Boring option: adamantite/magical plating for the jar.

Fun option: rule that the mage hand created by the brain can activate magic items.

One of the elemental-summoning items like a Censer of Summoning Air Elementals would be good, especially since it gives her a flying minion that can carry her jar.

Dust of Sneezing and Choking would be easy to use with a mage hand, and  Wouldn't affect the brain.

An eversmoking bottle would be really good because everyone would be blinded except her (unless there is blindsight in play).

----------


## JackPhoenix

Master's Amulet and the associated Shield Guardian (though the later is optional, if you allow to build one).

----------


## Unoriginal

One of the Figurines of Wondrous Power, with a space to put the Jar in?

----------


## Segev

> Master's Amulet and the associated Shield Guardian (though the later is optional, if you allow to build one).


Bonus points for a compartment in the stomach for the brain jar to dwell it. 

The sound of the metal bits hitting things being "kraanng" is optional.  :Small Wink: 


Or give her a modified *Staff of Swarming Insects*. Instead of insects, it's piranhas, and the "giant insect" option can only use the giant wasp stats (the piranhas swim in the air for the fly speed). Instead of a staff, it's actually a school of fish that swim around in the jar's brine, like an aquarium. She releases them from the jar when she activates the staff.
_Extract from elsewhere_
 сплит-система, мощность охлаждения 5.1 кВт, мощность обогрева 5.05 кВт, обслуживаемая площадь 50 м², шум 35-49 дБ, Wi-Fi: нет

Making her brine jar qualify as a *Bowl Commanding Water Elementals* could also be fun, or just plain giving her a Water Weird as a pet/friend/companion.
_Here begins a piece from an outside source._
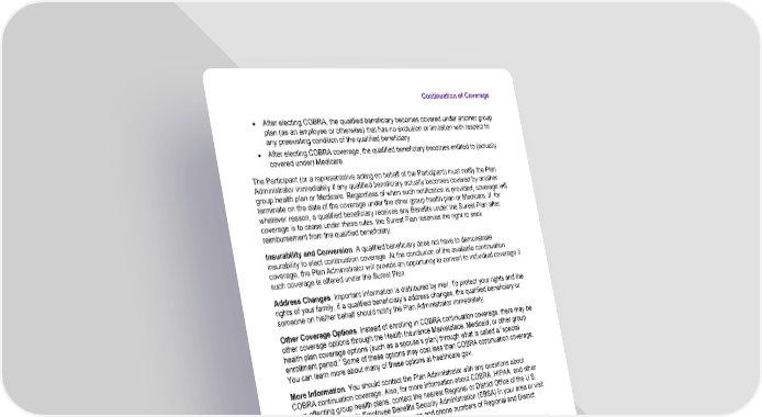 Continuation of Coverage Property of Bind Benefits, Inc., d/b/a Surest. All rights reserved © 2026. 73 • After electing COBRA, the qualified beneficiary becomes covered under another group plan (as an employee or otherwise) that has no exclusion or limitation with respect to any preexisting condition of the qualified beneficiary. • After electing COBRA coverage, the qualified beneficiary becomes entitled to (actually covered under) Medicare. The Participant (or a representative acting on behalf of the Participant) must notify the Plan Administrator immediately if any qualified beneficiary actually becomes covered by another group health plan or Medicare. Regardless of when such notification is provided, coverage will terminate on the date of the coverage under the other group health plan or Medicare. If, for whatever reason, a qualified beneficiary receives any Benefits under the Surest Plan after coverage is to cease under these rules, the Surest Plan reserves the right to seek reimbursement from the qualified beneficiary. Insurability and Conversion. A qualified beneficiary does not have to demonstrate insurability to elect continuation coverage. At the conclusion of the available continuation coverage, the Plan Administrator will provide an opportunity to convert to individual coverage if such coverage is offered under the Surest Plan. Address Changes. Important information is distributed by mail. To protect your rights and the rights of your family, if a qualified beneficiary’s address changes, the qualified beneficiary or someone on his/her behalf should notify the Plan Administrator immediately. Other Coverage Options. Instead of enrolling in COBRA continuation coverage, there may be other coverage options through the Health Insurance Marketplace, Medicaid, or other group health plan coverage options (such as a spouse’s plan) through what is called a “special enrollment period.” Some of these options may cost less than COBRA continuation coverage. You can learn more about many of these options at healthcare.gov. More Information. You should contact the Plan Administrator with any questions about COBRA continuation coverage. Also, for more information about COBRA, HIPAA, and other laws affecting group health plans, contact the nearest Regional or District Office of the U.S. Department of Labor’s Employee Benefits Security Administration (EBSA) in your area or visit the EBSA website dol.gov/ebsa. (Addresses and phone numbers of Regional and District EBSA Offices are available through EBSA’s website.) Continuation Rights under Uniformed Services Employment and Reemployment Rights Act (USERRA) Although USERRA protections look similar to COBRA protections, USERRA rights are separate and independent from COBRA rights. In addition to COBRA rights, a Participant may be entitled to continue coverage under the Uniformed Services Employment and Reemployment Rights Act of 1994 (USERRA). USERRA requires your employer to offer employees and their spouse and/or dependent children the opportunity to pay for a temporary extension of health coverage (called “USERRA continuation coverage”) at group rates where health coverage under employer-sponsored group health

*Ioun stones* of various sorts might be nice, too. Not funny, but they work pretty well with her form factor.


A *Belt of Giant Strength* combined with a *Ring of Jumping* could be hilarious, if she doesn't already fly.


Her jar also doubling as a *Decanter of Endless WaterBrine* could be funny. Not very powerful as it's only an Uncommon item, but still funny.


An *Apparatus of Kwalish* she can control from a command slot she slots into would also be amusing, and I suspect it's overvalued as a Legendary item.

----------


## Sigreid

A construct body for the brain in a jar to sit on and control, but the control takes so much effort it can't be used at the same time as the cool psychic abilities.

----------


## kingcheesepants

It would be ridiculously overpowered but a Mighty Servant of Leuk-o would be really fitting for a brain in a jar to pilot. Probably best as a end of campaign kinda thing though since while running around in it you're practically invulnerable.

----------